Planning for Growth While Maintaining Freedom

When planning for growth while consolidating, there are several best practices to keep in mind. When planning to consolidate the network, consider the following guidelines:

Design for scalability
Design for availability
Use mature products
Avoid proprietary hardware solutions

One of the most over-used words in the IT vocabulary is scalability. However, it is often one of the most important. Scalability means that all elements of the network infrastructure restructure should support company growth, both expected and unexpected. For example, if current requirements warrant the purchase of an 8-port fibre channel switch, consider purchasing a 16port switch. Ensure that the planned SAN switches offer expansion ports so that the option is available to scale out further in the event that growth surpasses projections.

Scalability can also be greatly aided by the use of centralized management software. Many of the solutions previously mentioned in this chapter can help with centrally managing storage resources and backups across the enterprise. If performance is an issue, another major scalability concern should be in technologies that support load balancing of client access. Such technologies alleviate single server bottlenecks that result from unexpected client growth.

In designing for availability, redundancy is always crucial.

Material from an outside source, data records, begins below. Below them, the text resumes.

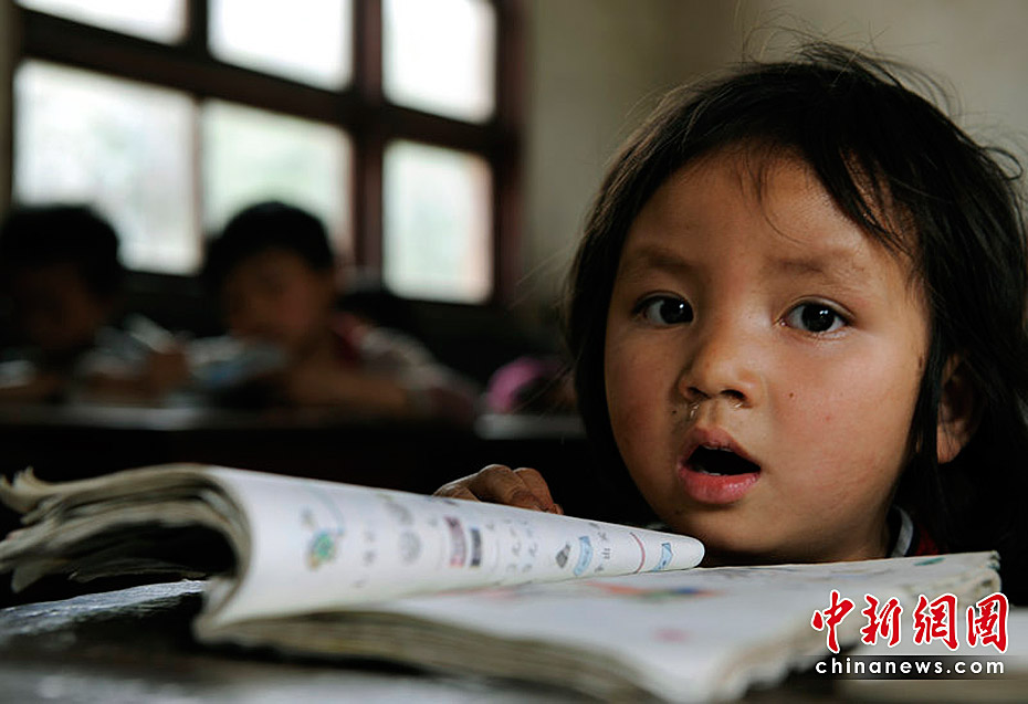 貴州省黔南州惠水縣楊茂村房前小學。一名年僅4歲就被送往學校讀書的一年級留守苗族娃娃。彭年/CFP
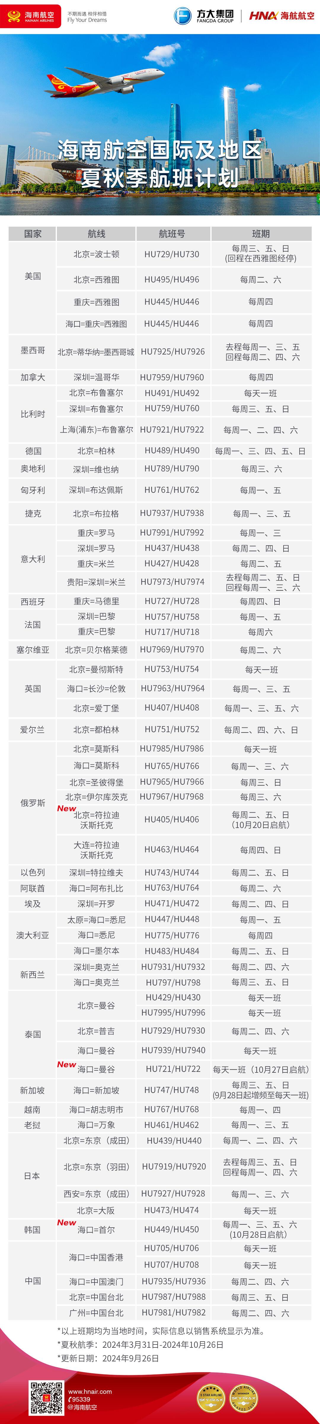 中国民用航空网讯(通讯员 霍琦、张瀚兮 作者单位:海南航空控股股份有限公司)海南航空计划于2024年10月28日起新开海口—首尔国际航线,这是海南航空在海口出港的第14条国际及地区航线。此条航线的开通,将搭建起海南地区赴韩的便捷桥梁,进一步促进海南自由贸易港建设。
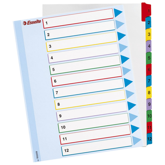 Pregrada plastična A4 brojevi 1-12 Esselte 100106 siva
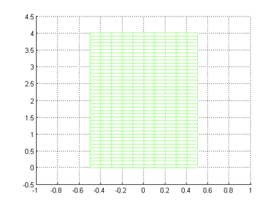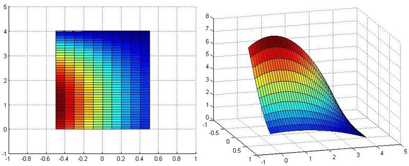 Visualización de campos escalares y vectoriales en elasticidad. Consideramos una placa rectangular plana (de dimensión 2) que ocupa la región [-1/2, 1/2]x[0,4]. En ella vamos a suponer que tenemos definidas dos cantidades físicas: la temperatura T(x,y), que depende de las dos variables espaciales (x,y), y los desplazamientos [math]\vec u(x,y,t)[/math] producidos por la acción de una fuerza determinada.
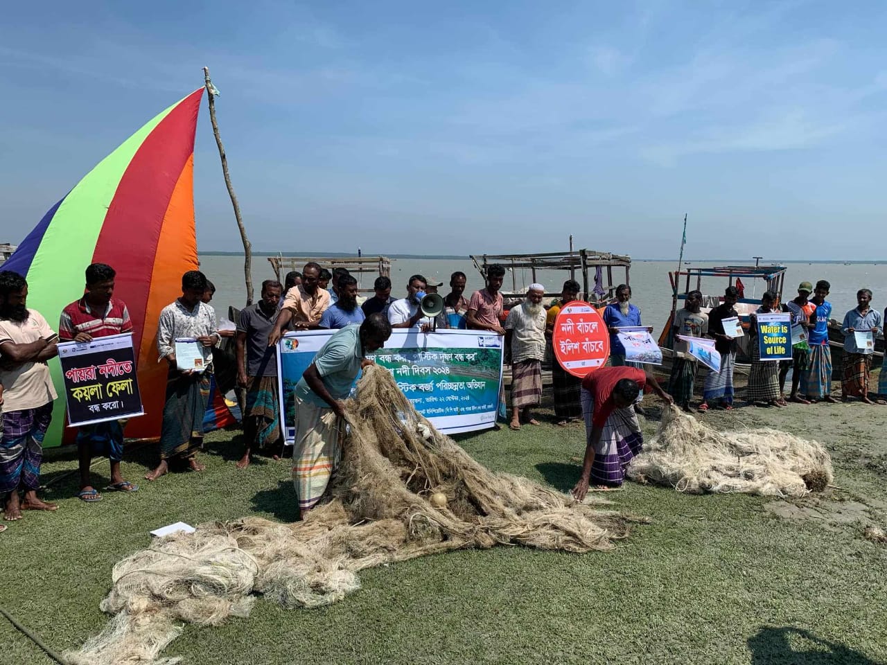 নদী দূষণরোধে জামালপুরে মানববন্ধন ও ব্রহ্মপুত্র নদ পরিচ্ছন্নতা অভিযান
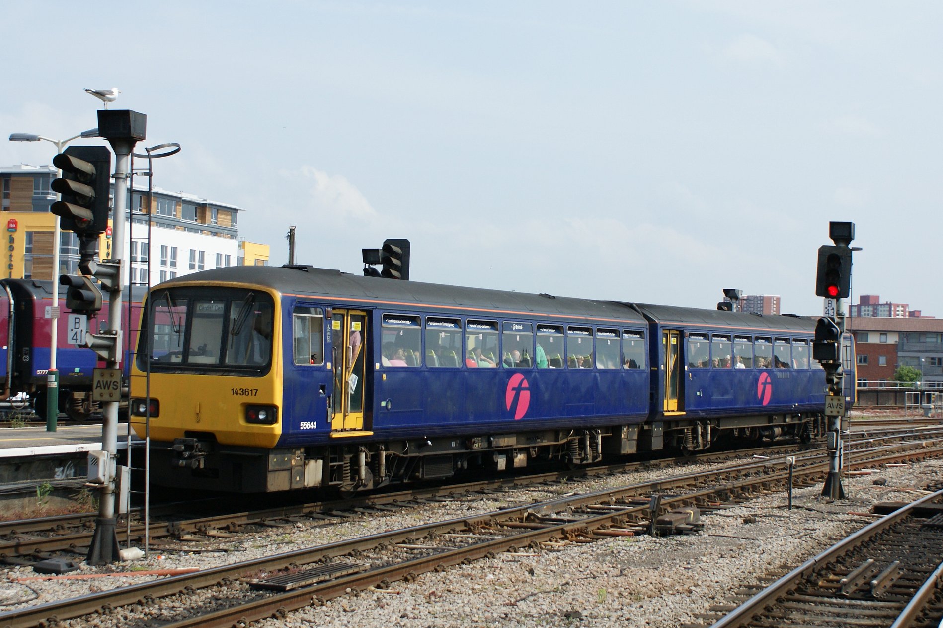 Description: Alexander/Barclay Class 143 "Pacer" local passenger 2-car dmu No.143 617 which is an unusual First Great Western plain purple-blue livery having at Bristol Temple Meads on a rugby special for Cardiff - packed to the gunnels! 05/08.
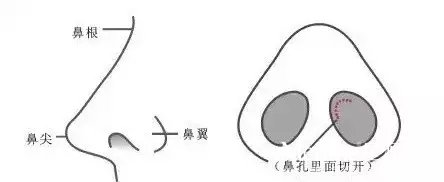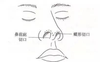 切口位置:鼻孔缘、鼻小柱蝶形切口。
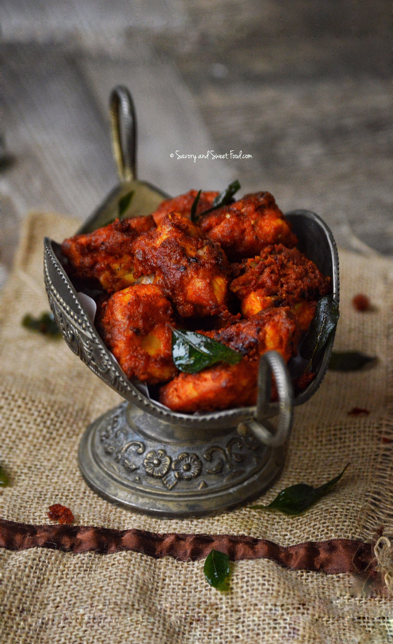 An Indian style deep fried chicken with the basic Indian masalas. The flavor of the coating on the chicken is simply fantastic.

Redundancy often starts with shared storage on the SAN via a RAID implementation. However, adding redundancy to the physical disks is most valuable when the disks are behind a fully redundant data path. Ensuring true redundancy means not only protecting disks but also

Using cluster architecture to prevent data access loss due to a system failure
Using redundant switches in the SAN fabric and redundant HBAs
Using multipath-compliant HBA drivers on servers to ensure that they can realize the benefits of redundancy in the SAN
Planning for redundant power sources to prevent data loss or corruption from a power failure
Adding redundancy to the LAN to prevent switch failure from interrupting data access

Using mature products refers to products that have established reputations in IT. Regardless of how great the sales pitch, bringing an unknown product into the network is always a risk. Products with the backing of OS vendors such as Microsoft are more likely to do what they promise, and their vendors are more likely to be in business at both the beginning and end of the project.

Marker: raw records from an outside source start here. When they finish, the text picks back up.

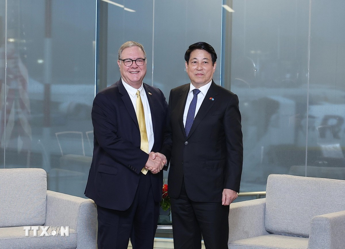 The delegation accompanying the President includes: Party Central Committee Secretary and Acting Minister of Foreign Affairs Le Hoai Trung; Deputy Prime Minister Bui Thanh Son; Director of the Presidential Office Le Khanh Hai; Minister of Industry and Trade Nguyen Hong Dien; Deputy Minister of National Defense Nguyen Truong Thang; Deputy Minister of Public Security Le Quoc Hung; Vietnamese Ambassador to the US Nguyen Quoc Dung; and other leaders from various ministries and sectors.
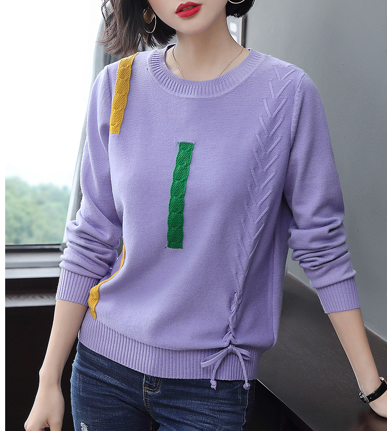 毛衣女士针织衫套头紫色宽松2018新款毛线衣外穿女式秋冬款打底衫
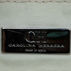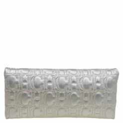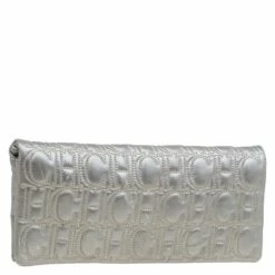 The silver monogram leather jerry clutch from Carolina Herrera goes well with any outfit. The clutch is crafted from leather, it has the CH HC stitch all over it. The clutch comes with a flap opening and has a magnetic snap closure. It has a fabric lined interior, a zipped pocket and a logo plaque that is gold tone.
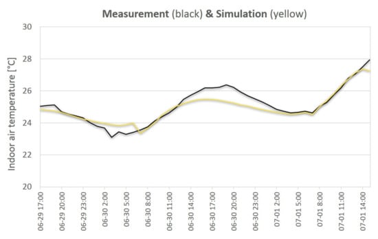 The created simulation model was validated. For this purpose, weather data were obtained from IMGW (Institute of Meteorology and Water Management) in Cracow, which is the meteorological station closest to Słomniki, located approximately 24 km away toward the north. Looking for the degree of dependence between the results obtained by measurements and simulations, first of all, the correlation coefficient was calculated, taking values in the range [−1,1]. Comparing the results of indoor air temperature measurements during the summer 29.06.–01.07. with the results of the model obtained by simulation for the same period, the value of the correlation coefficient equal to 0.94 was obtained (Figure 6).
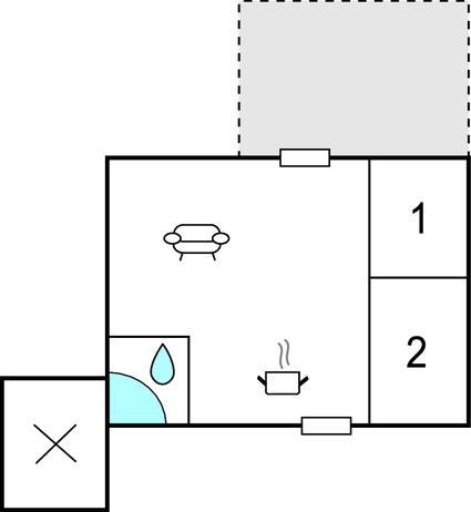 Woonkamer met open keuken - 2 Slaapplaatsen. (Opklapbed(den) of matras(sen)).
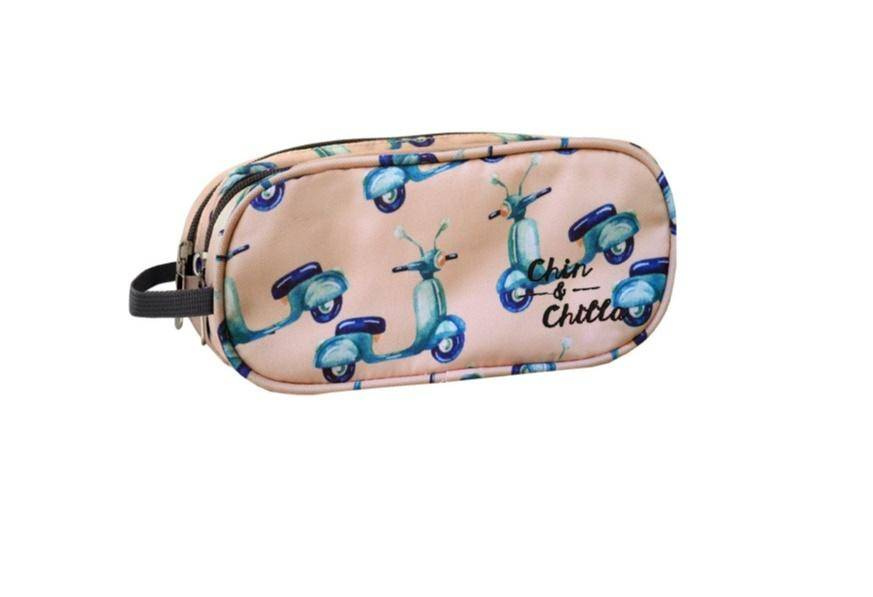 Piórnik w kolorze pudrowym z motywem skuterów.

With server and storage consolidation, it's often tempting to look to purchase a proprietary solution for a single hardware vendor. With a SAN, there will be little problem integrating solutions from vendors such as Brocade, McData, and Cisco Systems. However, several vendors offer end-to-end solutions. If the proposed solution involves proprietary hardware, it's unlikely that the solution will work as well with the rest of the systems on the network. For example, managing and reporting can't be done by the tools currently be used and instead will need to be achieved through an add-on utility from the product vendor or by using custom scripts. Most vendors have no problem offering professional services and can write a script to handle most tasks. However, each time support is required for the script, an organization might end up spending additional dollars on more professional services.

As an organization begins to piece together a planned network, it must pay close attention to the product support matrixes listed on each vendor Web site. Doing so ensures that the proposed pieces have been tested and will work well together. For planned products not on a vendor's support matrix, a good practice is to negotiate a pilot period to ensure the product works with new hardware and software.

Summary

Chapters 1 painted a picture of the current file serving landscape. This chapter looked deeper into the picture and examined the available server and storage consolidation alternatives. Building on this framework for the technologies that may be involved in consolidation, the next chapter will look at how to piece these technologies together while emphasizing how to maintain high availability and high performance.